Лидер кадетов П.Н.Милюков настаивал, что только прямые выборы от больших округов «обеспечат выбор интеллигентного и политически подготовленного представителя».
Цель всеобщего голосования — выявить Волю Народа: ту истинную Волю, которая будет всё направлять лучшим образом для народа.
Существует ли такая единая Воля и какова она? — никто не знает. Но
замечательно, что при разной системе подсчёта голосов мы узнаём эту
волю по-разному и даже противоположно.
Большинству у нас сейчас не кажется важным, как именно
устроена система голосования, а между тем она влияет существенно.
Состязуются в мире по крайней мере три системы подсчета:
пропорциональная, мажоритарная и абсолютного большинства.

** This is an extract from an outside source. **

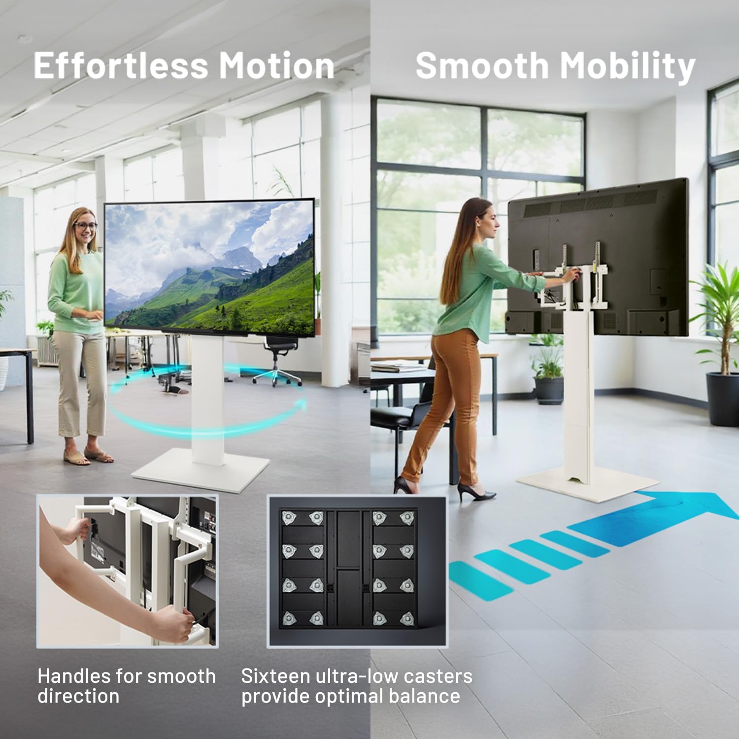 - 【CONCEALED WHEELS】This universal rolling TV stand with wheels features ultra-low floor casters, so it can be moved/used in different rooms. Sixteen nearly invisible caster wheels under the thin, flat base allow for super smooth movement. The back features two handles so the stand can be rotated and moved with ease. *Depending on the material of the floor surface, caster marks and or scratches may remain during movement.

Пропорциональные выборы по спискам чрезмерно усиливают власть партийных инстанций, составляющих списки кандидатов, и дают перевес большим организованным
партиям. И это особенно потому выгодно партиям, что они могут рассовать своих
центральных активистов по дальним округам, где те не живут, и так обеспечить их
избрание. На этом — чтобы не требовалось от кандидата жить в своём округе —
особенно настаивал кадетский съезд летом 1917: это «даёт возможность для ЦК
централизовать производство выборов». Да и все другие партии — на том же. Так
сказать, централизованная демократия.
При пропорциональной системе малые меньшинства обычно могут получить какой-то голос в представительном собрании, но создаётся множество парламентских фракций, и силы распыляются в раздор. Или это толкает партии
поправлять своё положение через беспринципные коалиции с изъянами для своей
программы — но лишь бы набрать голосов и захватить правительство. В сегодняшнем мире есть разительные примеры такой государственной слабости и
долгих правительственных кризисов.
Итак, всего лишь от способа подсчёта голосов может ошеломительно измениться и состав правительства и его программа, выражающая, разумеется, Волю Народа.

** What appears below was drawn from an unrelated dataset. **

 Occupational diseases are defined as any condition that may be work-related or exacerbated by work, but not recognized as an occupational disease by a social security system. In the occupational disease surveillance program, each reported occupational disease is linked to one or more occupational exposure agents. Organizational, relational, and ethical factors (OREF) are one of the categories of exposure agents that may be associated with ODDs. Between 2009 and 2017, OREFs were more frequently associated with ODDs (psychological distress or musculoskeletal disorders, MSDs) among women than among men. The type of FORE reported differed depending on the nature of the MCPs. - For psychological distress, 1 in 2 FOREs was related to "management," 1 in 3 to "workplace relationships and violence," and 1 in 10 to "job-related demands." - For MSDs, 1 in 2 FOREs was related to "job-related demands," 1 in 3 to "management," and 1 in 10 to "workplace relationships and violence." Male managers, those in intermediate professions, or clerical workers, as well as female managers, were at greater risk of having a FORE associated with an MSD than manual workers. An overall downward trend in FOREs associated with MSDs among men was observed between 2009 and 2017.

А уж пройдя избрание — кандидат становится народным представителем.
Наши четыре последовательных Государственных Думы мало выражали собой глубины и пространства России, только узкие слои нескольких городов, большинство населения на самом деле не вникло в
смысл тех выборов и тех партий. И наш блистательный думец В. Маклаков признал, что «воля народа» и при демократии фикция: за неё всего
лишь принимается решение большинства парламента.
Да и невозможны точные народные наказы своим депутатам на
все будущие непредвидимые случаи. И — нет такого импульса, который
заставлял бы нынешних избранцев стать выше своих будущих выборных
интересов, выше партийных комбинаций и служить только основательно
понятым интересам родины, пусть (и даже неизбежно) в ущерб себе и
своей партии. Делается то, что поверхностно нравится избирателям, хотя
бы по глубокому или дальнему смыслу это было для них зло. А в таком
обширном государстве, как наше, тем меньше возможность проверять
избранцев и тем большая возможность их злоупотреблений. Контрольного механизма над ними нет, есть только возможность попытки отказать в следующем переизбрании; иного влияния на ход государственного управления у народного большинства не остаётся.

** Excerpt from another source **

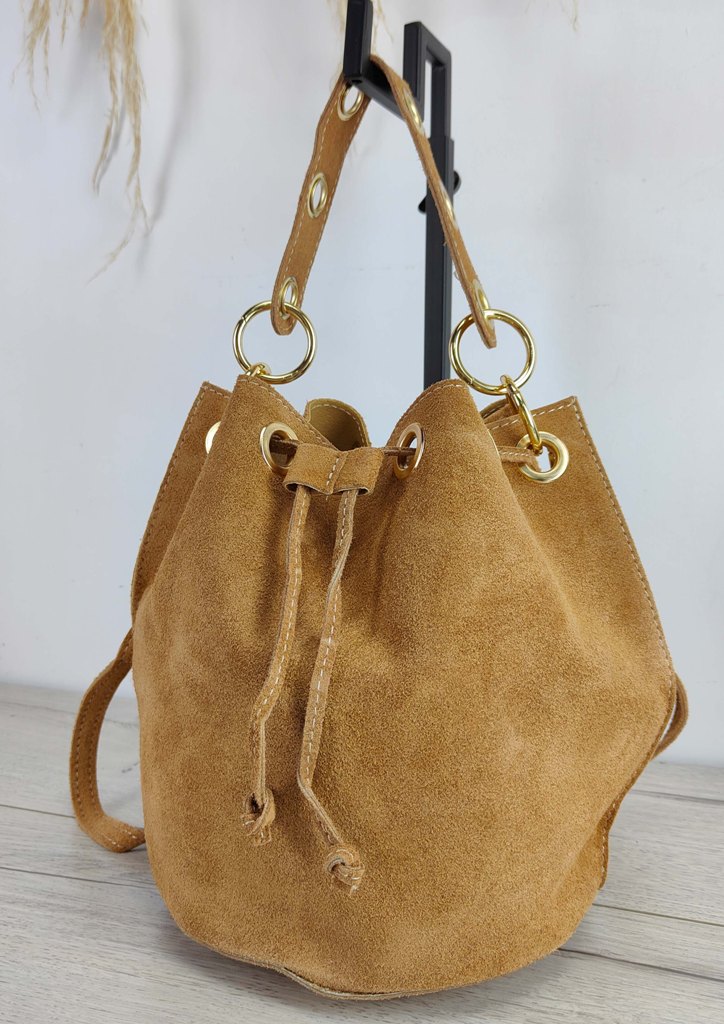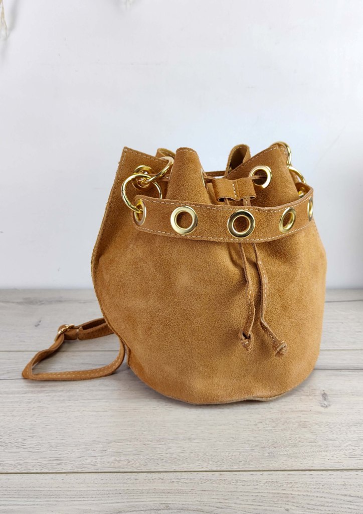 Τσάντα δερμάτινη πουγκί κρίκοι

Что ж отрицать, что при демократии деньги обеспечивают реальную власть, неизбежна концентрация власти у людей с большими деньгами.
Ныне пришло к тому, что мы так же не мыслим себе политическую жизнь без партий, как личную без семьи.
«Партия» — значит часть. Разделиться нам на партии — значит
разделиться на части. Партия как часть народа — кому же противостоит?
Очевидно — остальному народу, не пошедшему за ней. Каждая партия
старается прежде всего не для всей нации, а для себя и своих.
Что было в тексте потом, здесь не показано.